Requirement: At least one TABLE statement is required in a PROC TABULATE procedure step.
Syntax:
/* Basic syntax */
PROC TABULATE <options>;
CLASS variables < / options>;
VAR variables < / options>;
TABLE <page> , <row> , column < / options>;
… other statements …;
RUN;
Explanation:
- PROC TABULATE: Display descriptive statistics in tabular
- BY: Create a separate table for each BY group
- CLASS: Identify variables in the input data set as class variables
- CLASSLEV: Specify a style for class variable level value headings
- FREQ: Identify a variable in the input data set whose values represent the frequency of each observation
- KEYLABEL: Specify a label for a keyword
- KEYWORD: Specify a style for keyword headings
- TABLE: Describe the table to create
- VAR: Identify variables in the input data set as analysis variables
- WEIGHT: Identify a variable in the input data set whose values weight each observation in the statistical calculations
What Statistics PROC TABULATE Can Compute?

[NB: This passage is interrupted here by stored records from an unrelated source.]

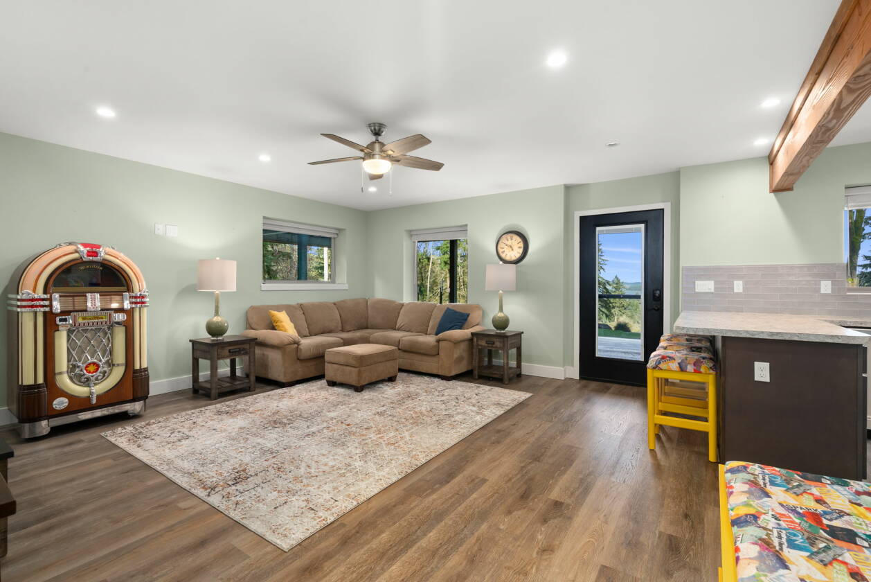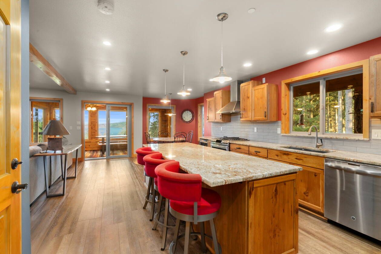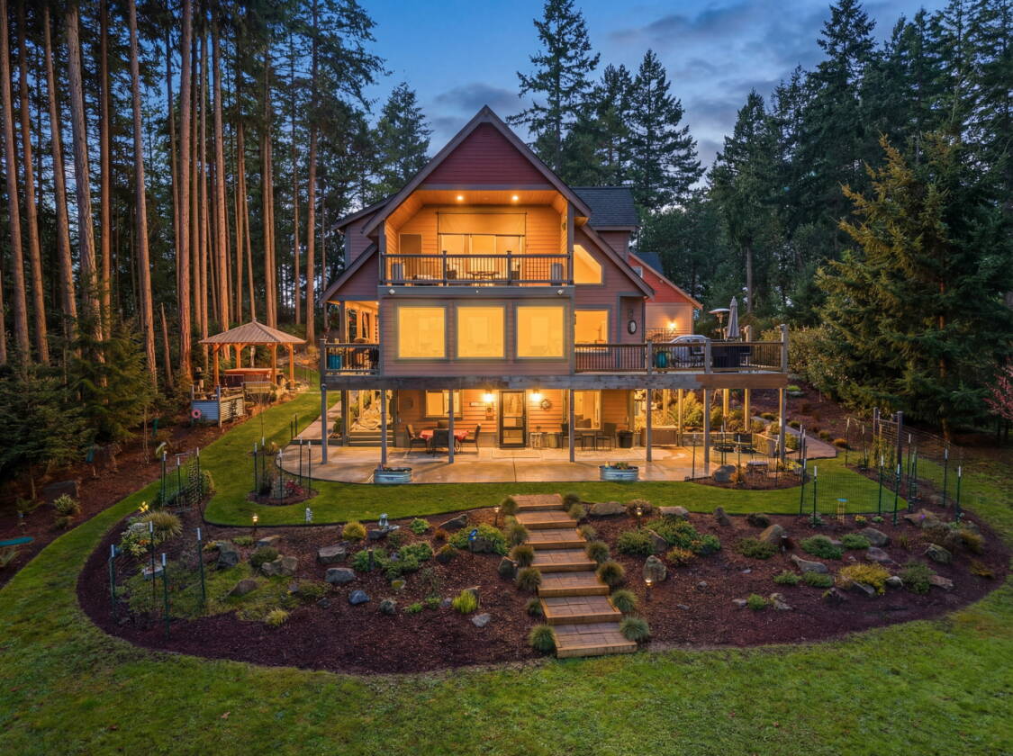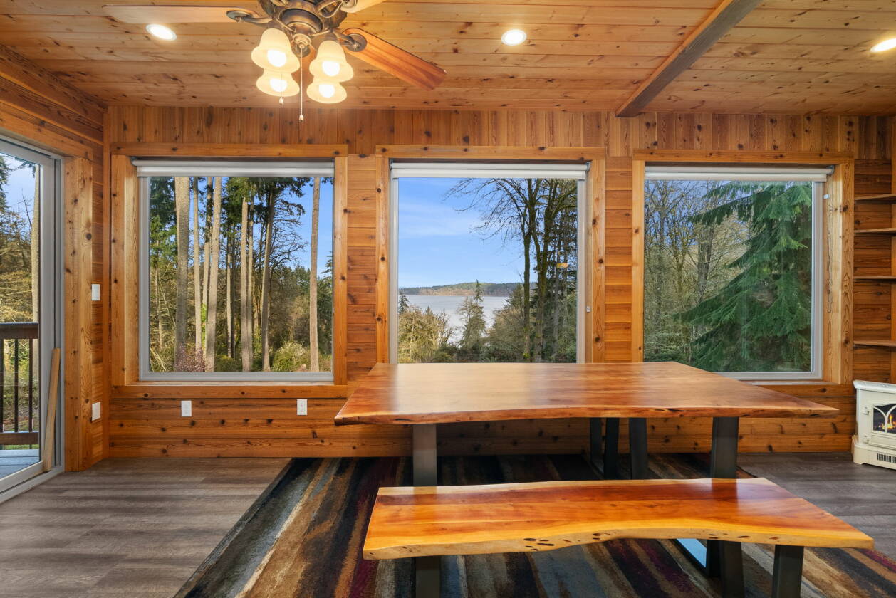 Perched above the Puget Sound, this beautifully crafted custom Anderson Island home offers refined living with sweeping Puget Sound views. The entertainer's kitchen features ample hickory cabinetry, granite countertops, Blanco sink plus high-end appliances which flows seamlessly into the great room with cozy fireplace. Steps away is a cedar sunroom & deck to capture stunning water views. Upstairs, the spacious primary suite includes a sitting area & ample deck for sunrise views, along with a luxurious en suite & large walk-in closet. The lower level offers 2 bedrooms, spacious bathroom, full kitchen & radiant heated floors, plus a separate entry with digital key code—ideal for multi-generational living or vacation rental potential. The property features a massive 2,000+ sq. ft. detached garage with 3 garage bays including a 40-ft RV bay. The fully insulated & heated garage includes a half bath & 400 sq. ft. upstairs flex space plus an on-demand generator for the home. Outside, enjoy a beautifully manicured yard with fruit trees, garden areas, & relaxing hot tub. Located near the local golf course & just 1 mile to the boat launch. This extraordinary property offers more than a home—it offers a lifestyle defined by quiet luxury & breathtaking views. A place where you arrive, exhale, & truly feel at home.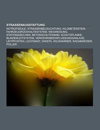 Quelle: Wikipedia. Seiten: 38. Kapitel: Notrufsäule, Straßenbeleuchtung, Kilometerstein, Fahrzeugrückhaltesystem, Wegweisung, Stationszeichen, Betonschutzwand, Schutzplanke, Blindenleitsystem, Verkehrsbeeinflussungsanlage, Leitpfosten, Lichtmast, DWiSta, Wildw...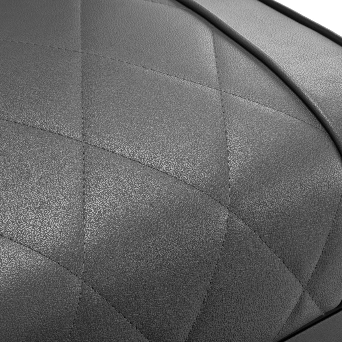 The chair's solid round base construction ensures stability and excellent user comfort. The seat filling, made of deformation-resistant foam, and the upholstery crafted from soft-touch synthetic leather with a matte finish ensure long-lasting durability and comfort during prolonged use. Stylish stitching on the upholstery adds character, evoking automotive design inspirations that enhance its elegant appearance. This feature also makes the chair moisture-resistant, durable, and easy to clean. The upholstery in grey tones gives the chair a unique character, and its minimalist style allows it to blend seamlessly with the decor of any barbershop.

There are a variety of different statistics proc tabulate can compute such as descriptive statistics, quantile statistics, and hypothesis testing.
- Descriptive Statistics: COLPCTN, PCTSUM, COLPCTSUM, MAX, ROWPCTN, MEAN, ROWPCTSUM, MIN, STDDEV / STD, N, STDERR, NMISS, SUM, PAGEPCTSUM, PCTN
- Quantile Statistics: MEDIAN | P50, P1, Q3 | P75, P90, P95, P5, P10, P99, Q1 | P25, QRANGE
- Hypothesis Testing: ProbT, T
The following sample dataset will be used to demonstrate different use cases with examples of how to use proc tabulate in SAS.
/* Create sample dataset */
data SalesReport;
input Region Store $ Manager $ Department $ Sales 8. Workers 8.;
datalines;
1 Store-A Hayes Produce 110 3
1 Store-A Hayes Meat 90 2
1 Store-A Hayes Canned 200 4
1 Store-B Hayes Meat 80 5
2 Store-C Jeffreys Produce 60 2
2 Store-C Jeffreys Canned 420 6
2 Store-C Jeffreys Meat 50 1
2 Store-D Jeffreys Canned 230 4
2 Store-D Jeffreys Meat 73 2
2 Store-D Jeffreys Produce 60 1
3 Store-E Royster Canned 100 3
3 Store-E Royster Meat 420 5
3 Store-F Royster Paper 130 3
3 Store-F Royster Produce 350 8
4 Store-H Fuller Meat 900 10
;
run;
/* view dataset */
proc print data=SalesReport;
run;
A Simple Example
Let’s start with the simplest example of using proc tabulate without adding any extra statements or options.
In the below example VAR statement is used to select the variable “Sales” on which statistics will be calculated. With the TABLE statement it describes the table to create.
/* basic example of proc tabulate in sas */
proc tabulate data=SalesReport;
var Sales;
table Sales;
run;
If you observe the above result, by default TABLE statement computes SUM of the analysis variable “Sales” but you can include statistics other than SUM by modifying TABLE statement.
Let’s say you want to include MAX statistics on an analysis variable instead of its default SUM statistics.
It can be done by adding MAX keywords. You need to add asterisk (*) between the TABLE variable and statistics keyword, that is MAX in this case.
The below example calculates MAX statistics on analysis variable “Sales”
/* calculate MAX using proc tabulate */
proc tabulate data=SalesReport;
var Sales;
table Sales*max;
run;
PROC TABULATE : Calculate Multiple Statistics (MIN, MAX, MEAN) In SAS
To calculate multiple statistics you need to slightly modify the TABLE statement.
In the previous example you’ve calculated one statistics MAX, similarly you can calculate MIN, MAX, and MEAN together by listing each statistics separately after TABLE statement.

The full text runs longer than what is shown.